In addition to sugar, honey contains enzymes, organic acids, vitamins (such as B6, thiamine, niacin, riboflavin, and pantothenic acid), minerals (including calcium, zinc, iron, manganese, magnesium, phosphorus, potassium, sodium, and zinc), pigments, phenolic compounds, organic acids, various volatile compounds, and solid pieces obtained during honey harvesting (da Silva et al., 2016).

Phenolic compounds are the most important antioxidants in honey and contribute to its therapeutic application in the treatment of diseases associated with oxidative stress, such as diabetes mellitus, hypertension, atherosclerosis, cancer, and Alzheimer's disease (Arráez-Román et al., 2006; Moniruzzaman et al., 2014; Erejuwa et al., 2012).

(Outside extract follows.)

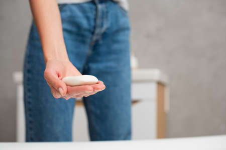 Close up details of woman washing hands at home . Hygiene and body cleaning concept detail
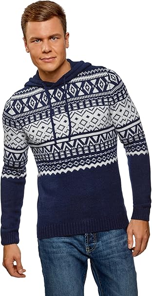 Oodji Ultra Uomo Maglione In Tessuto Strutturato Con Motivi Geometrici Abbigliamento Sportivo Felpe

The medicinal use of honey has a long history due to its chemically complex nature. Honey has antioxidant, antimicrobial, and anti-inflammatory properties, making it beneficial for wound care and healing. It influences the immune system, acts as a debridement agent, and stimulates wound regeneration (Al-Ghamdi and Ansari, 2021). Honey with anti-inflammatory activity aids in wound debridement, inhibits scarring, reduces wound exudate, and improves tissue recovery (Khan et al., 2018).

Studies have demonstrated that honey-derived flavonoids and proteins inhibit the production of TNF-α and IL1-β by microglia cells when stimulated with LPS. Similar effects were observed regarding the release of TNF-α by human monocyte cells and the secretion of ROS by macrophages and neutrophils after activation by zymosan (Candiracci et al., 2012; Mesaik et al., 2015).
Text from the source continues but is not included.